Oui, on veut construire de belles écoles au Québec, lesquelles détonnent de nos polyvalentes issues du Rapport Parent. Ça, c’est le contenant. C’est important, mais ce qui importe, c’est définitivement le contenu. Et le contenu, ce sont les approches pédagogiques. Notre système d’éducation fait l’envie de plusieurs; c’est vrai. Mais il a également beaucoup de choses à apprendre des Finlandais, des Néozélandais, des Coréens, des Américains, des Ontariens, des Albertains, etc. L’auteur parle d’écoles « ouvertes sur le monde ».

À cet égard, je propose la création d’un fonds permettant aux enseignants ou membres de la direction de pouvoir aller ailleurs dans le monde pour visiter des écoles, rencontrer d’autres enseignants et d’aller dans des colloques internationaux. L’idée est simple : si le personnel scolaire est le moteur du changement, c’est à lui d’aller à la rencontre des autres mondes scolaires et c’est à lui de voir à diffuser ses trouvailles dans son milieu pour voir à ce que ces idées importées prennent forme dans son milieu. De cette façon, il pourra aller visiter les plus belles écoles, mais aussi, il pourra s’immerger dans les de nouvelles cultures scolaires et, possiblement, dans les meilleures pratiques pédagogiques!

Voilà comment ouvrir nos écoles à celles du monde dans une perspective d’importation d’idées, mais aussi de rayonnement international de nos expertises : « la recette éducative d’une nation n’est pas un secret industriel qu’il faut jalousement protéger. C’est un bien collectif qu’il faut démocratiser et offrir en partage ». Le ministre ne pouvait pas mieux dire! Décloisonnons ce que nous faisons. Diffusons nos pratiques gagnantes dans notre école, dans notre région, au Québec, dans le pays et, pourquoi pas, partout dans le monde! Rêvons notre école, mais surtout, osons-là!

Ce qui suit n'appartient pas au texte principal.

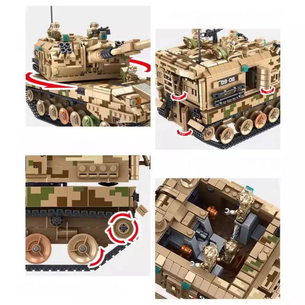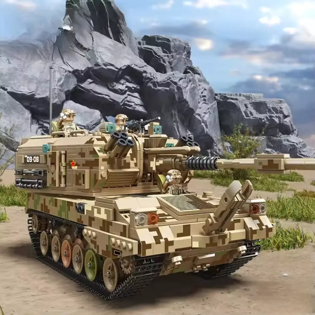 Конструктор детский.Самоходная артиллерийская установка военный танк 1648 детали, хаки

En parlant d’oser l’école, le Lab-École est une bonne idée. Idem pour ce qui est de l’expertise qui sera développée à la Faculté d’architecture de l’Université Laval. La modification du cadre de référence des constructions d’écoles au Ministère est aussi une mesure intéressante. Or, cela demeure très loin de ceux qui sont à pied d’œuvre dans le quotidien scolaire. Ce qu’on cherche, c’est la pollinisation menée par les acteurs du milieu. Pourquoi ne partiraient-ils pas eux-mêmes à l’aventure? Le personnel en fonction dans les écoles est le meilleur moteur de changement. Les intéressés à partir à l’aventure n’auraient qu’à monter un dossier et le présenter au MÉES dans les délais prescrits pour avoir accès à une enveloppe budgétaire. Au retour de leur voyage, ils devront, en contrepartie, rendre des comptes au Ministère et partager leurs trouvailles à la communauté scolaire québécoise!

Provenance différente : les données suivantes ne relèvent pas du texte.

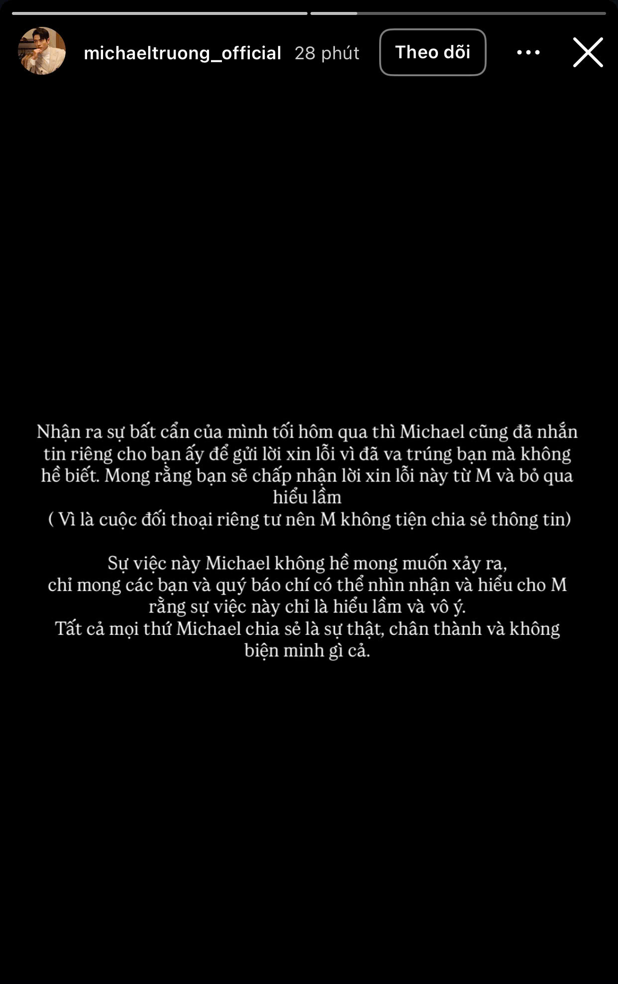 Michael chỉ mong muốn tất cả mọi người đều vui vẻ, không ai khó xử với ai, mong rằng mọi người sẽ hiểu cho những gì Michael đang chia sẻ còn nếu không thì Michael cũng không biết nói gì hơn vì câu chuyện sự thật không phải là như vậy".

Enfin, si l’école québécoise fait l’envie de plusieurs pays dans la francophonie mondiale, il n’en demeure pas moins que nous risquons de perdre notre avantage comparatif. Pendant qu’au Québec on s’obstine encore et toujours sur la pertinence de la fameuse réforme de 2001 (17 années d’obstination, ça use!), d’autres pays proposent eux aussi des réformes semblables et eux, ils avancent lentement, mais surement!

En conclusion, le livre de Sébastien Proulx dit tout haut ce que de plus en plus d’enseignants, de directions d’écoles, de parents et d’observateurs pensent. À défaut d’apporter des idées nouvelles, le ministre se fait le porte-voix de ceux qui tentent de changer l’école québécoise de l’intérieur. En ce sens, il s’agit d’un plaidoyer pour la modernisation du système d’éducation du Québec et ce livre constitue, en quelque sorte, un soutien pour ceux qui sont à pied d’œuvre pour faire passer l’école au 21e siècle.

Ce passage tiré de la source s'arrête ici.